=== Materials provided ===
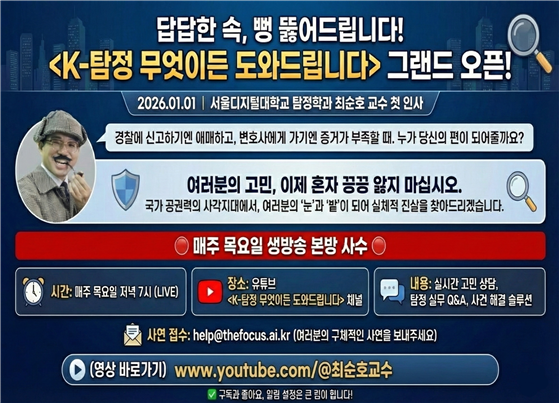 | ▲"경찰이 못하는 일, 우리가 합니다"라는 슬로건을 내건 유튜브 채널 ‘K-탐정 무엇이든 도와드립니다’ 공식 썸네일. 최순호 교수가 탐정의 공익적 역할을 강조하고 있다.[사진제공=서울디지털대학교] |
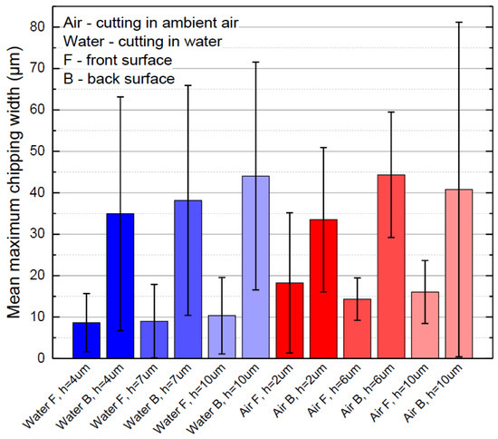 Next, we evaluated the mean maximum chipping widths at the back and the front surfaces. The formation of wide chippings that were significantly wider than the average chipping width was scarce. However, this could not be avoided entirely, even when cutting under optimal laser processing parameters. The mean maximum chipping width at the back surface was distributed between 34 and 44 µm in both cutting environments, with the smallest widths at h = 2–4 µm (see Figure 13). At the front surface, maximum chipping was smaller in water by 43% (9.3 ± 0.9 µm in water and 16.2 ± 2 µm in ambient air). Furthermore, error bars in Figure 13 reveal that the mean maximum chipping width was more consistent at the front surface than at the back.
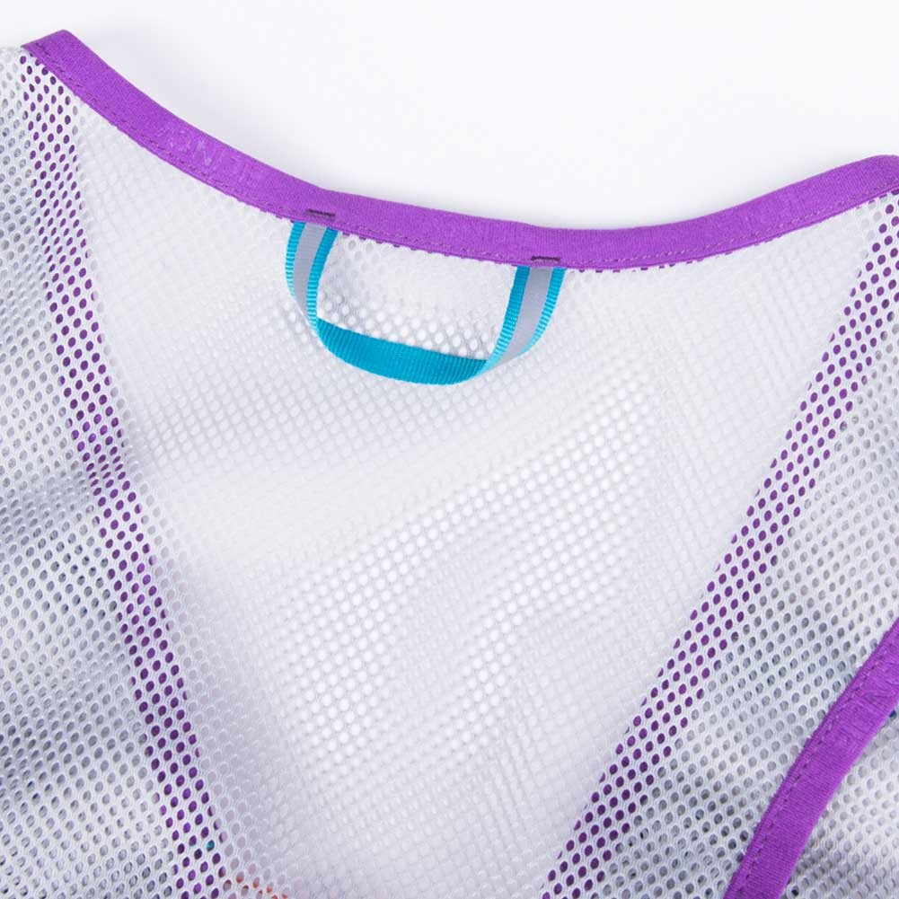 - Dos bolsillos delanteros de malla expandible con capacidad para dos soft flask de 500ml, y goma elastica con tirador reflectante para sujerar el soft flask doblemente, cierre bolsillo elástico y goma elástica
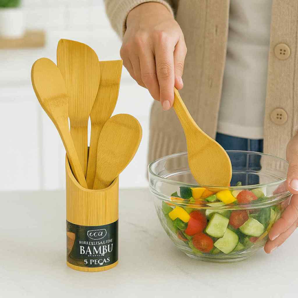 Kit Talheres Bambu Natural | Utensílios de Cozinha Sustentáveis e Duráveis ECO23048
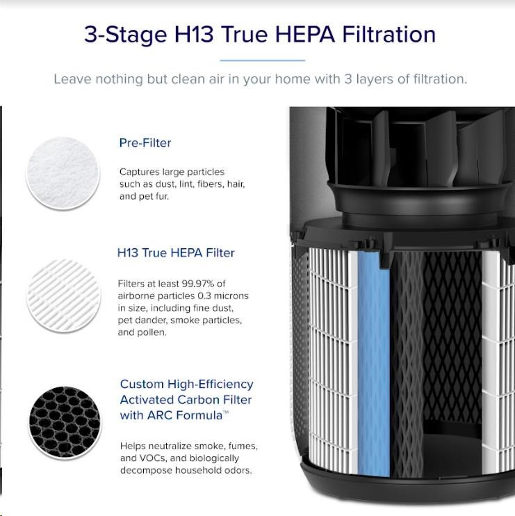Druhou vrstvou je HEPA filtr H13. To odlišuje Levoit od konkurence, protože filtr HEPA H13 je mnohem kvalitnější a spolehlivější než běžně používané HEPA H11. Zde se odfiltrují jemné prachové částice, plíseň, bakterie, pyl, kouřové částice, roztoče a srst.
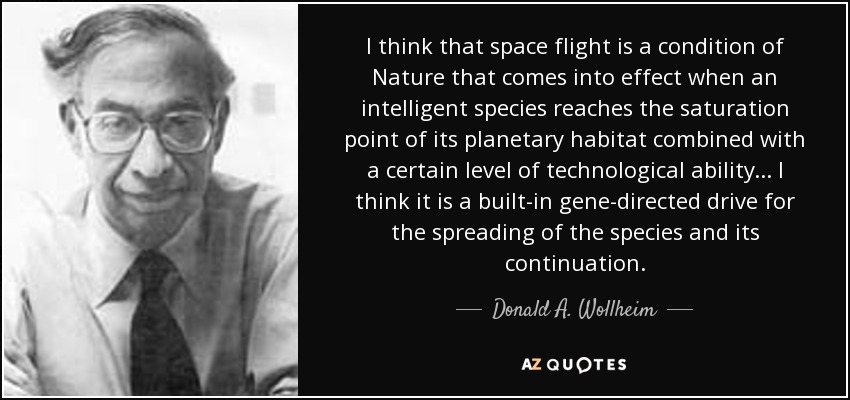 I think that space flight is a condition of Nature that comes into effect when an intelligent species reaches the saturation point of its planetary habitat combined with a certain level of technological ability... I think it is a built-in gene-directed drive for the spreading of the species and its continuation.
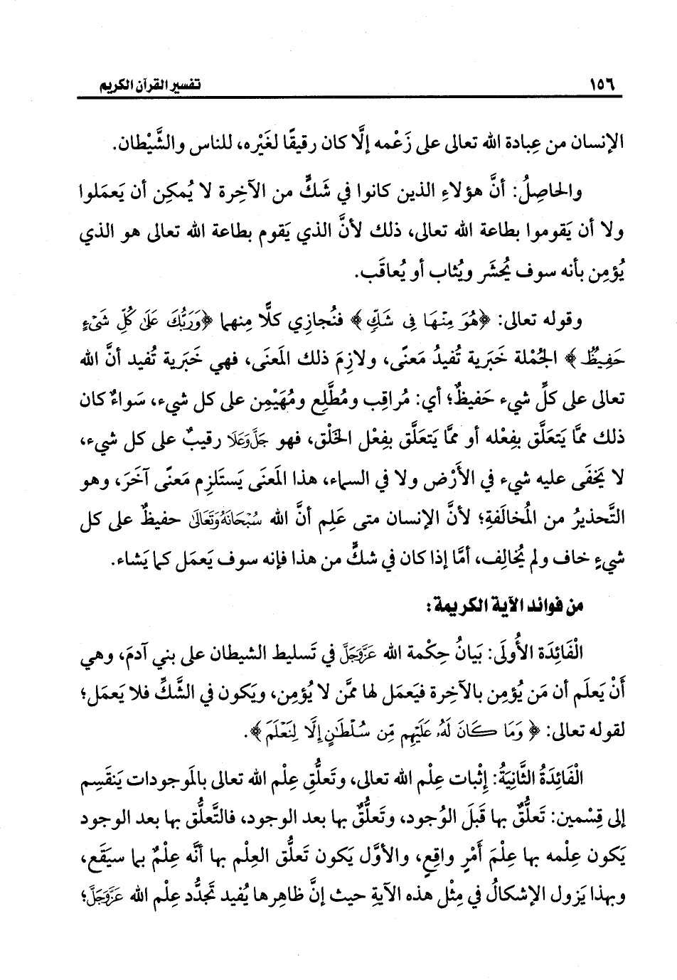 وقوله تعالى: {هُوَ مِنْهَا فِي شَكٍّ} فنُجازِي كلًّا مِنهما {وَرَبُّكَ عَلَى كُلِّ شَيْءٍ حَفِيظٌ} الجُمْلة خَبَرية تُفيدُ مَعنًى، ولازِمَ ذلك المَعنَى، فهي خَبَرية تُفيد أن الله تعالى على كلِّ شيء حَفيظ؛ أي: مُراقِب ومُطلِع ومهيْمِن على كل شيء، سَواء كان ذلك ممَّا يَتعَلق بفِعْله أوْ ممَّا يَتعَلق بفِعْل الخلْق، فهو جلَّ وَعَلَا رقيب على كل شيء، لا يَخفَى عليه شيء في الأَرْض ولا في السماء، هذا المَعنَى يَستَلزِم مَعنًى آخَرَ، وهو التَحذيرُ من المُخالَفةِ؛ لأنَّ الإنسان متى عَلِم أنَّ الله -سُبْحَانَهُ وَتَعَالَى- حفيظٌ على كل شيءٍ خاف ولم يُخالِف، أمَّا إذا كان في شكٍّ من هذا فإنَّه سوف يَعمَل كما يَشاء.
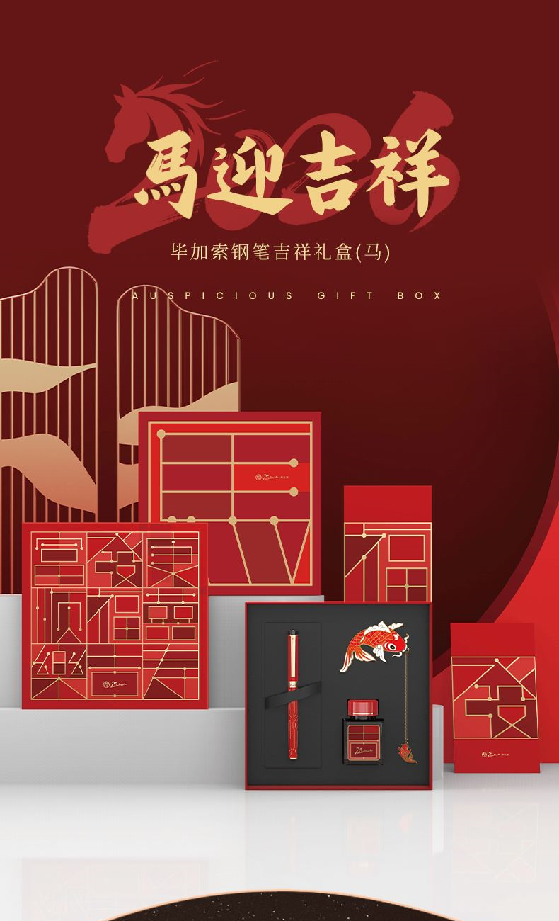 毕加索PS-908吉祥礼盒(马)马年中国红签字笔成人新年
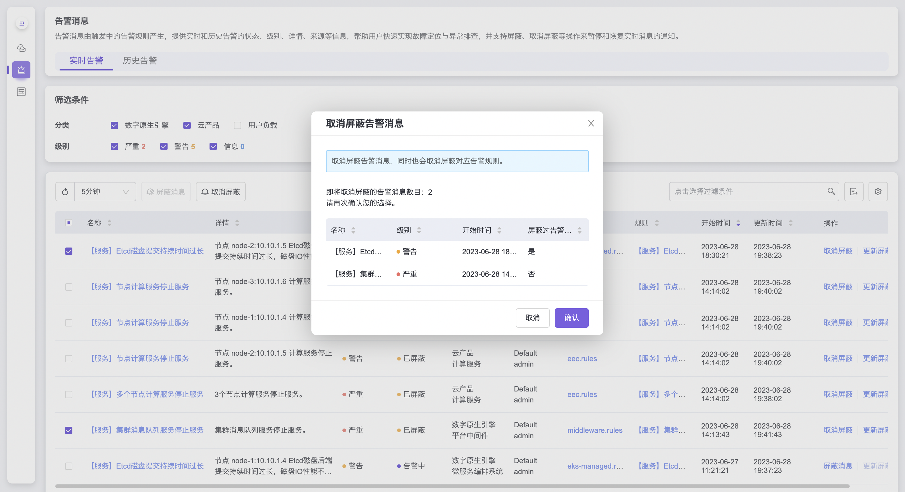 取消屏蔽操作将恢复实时告警消息的通知,操作后的告警消息状态将由已屏蔽变为告警中:
===
=== Problem requirements ===
Once the pictures are set aside, repeat the data above exactly as written.

=== Written answer ===
 | ▲"경찰이 못하는 일, 우리가 합니다"라는 슬로건을 내건 유튜브 채널 ‘K-탐정 무엇이든 도와드립니다’ 공식 썸네일. 최순호 교수가 탐정의 공익적 역할을 강조하고 있다.[사진제공=서울디지털대학교] |
 Next, we evaluated the mean maximum chipping widths at the back and the front surfaces. The formation of wide chippings that were significantly wider than the average chipping width was scarce. However, this could not be avoided entirely, even when cutting under optimal laser processing parameters. The mean maximum chipping width at the back surface was distributed between 34 and 44 µm in both cutting environments, with the smallest widths at h = 2–4 µm (see Figure 13). At the front surface, maximum chipping was smaller in water by 43% (9.3 ± 0.9 µm in water and 16.2 ± 2 µm in ambient air). Furthermore, error bars in Figure 13 reveal that the mean maximum chipping width was more consistent at the front surface than at the back.
 - Dos bolsillos delanteros de malla expandible con capacidad para dos soft flask de 500ml, y goma elastica con tirador reflectante para sujerar el soft flask doblemente, cierre bolsillo elástico y goma elástica
 Kit Talheres Bambu Natural | Utensílios de Cozinha Sustentáveis e Duráveis ECO23048
Druhou vrstvou je HEPA filtr H13. To odlišuje Levoit od konkurence, protože filtr HEPA H13 je mnohem kvalitnější a spolehlivější než běžně používané HEPA H11. Zde se odfiltrují jemné prachové částice, plíseň, bakterie, pyl, kouřové částice, roztoče a srst.
 I think that space flight is a condition of Nature that comes into effect when an intelligent species reaches the saturation point of its planetary habitat combined with a certain level of technological ability... I think it is a built-in gene-directed drive for the spreading of the species and its continuation.
 وقوله تعالى: {هُوَ مِنْهَا فِي شَكٍّ} فنُجازِي كلًّا مِنهما {وَرَبُّكَ عَلَى كُلِّ شَيْءٍ حَفِيظٌ} الجُمْلة خَبَرية تُفيدُ مَعنًى، ولازِمَ ذلك المَعنَى، فهي خَبَرية تُفيد أن الله تعالى على كلِّ شيء حَفيظ؛ أي: مُراقِب ومُطلِع ومهيْمِن على كل شيء، سَواء كان ذلك ممَّا يَتعَلق بفِعْله أوْ ممَّا يَتعَلق بفِعْل الخلْق، فهو جلَّ وَعَلَا رقيب على كل شيء، لا يَخفَى عليه شيء في الأَرْض ولا في السماء، هذا المَعنَى يَستَلزِم مَعنًى آخَرَ، وهو التَحذيرُ من المُخالَفةِ؛ لأنَّ الإنسان متى عَلِم أنَّ الله -سُبْحَانَهُ وَتَعَالَى- حفيظٌ على كل شيءٍ خاف ولم يُخالِف، أمَّا إذا كان في شكٍّ من هذا فإنَّه سوف يَعمَل كما يَشاء.
 毕加索PS-908吉祥礼盒(马)马年中国红签字笔成人新年
 取消屏蔽操作将恢复实时告警消息的通知,操作后的告警消息状态将由已屏蔽变为告警中:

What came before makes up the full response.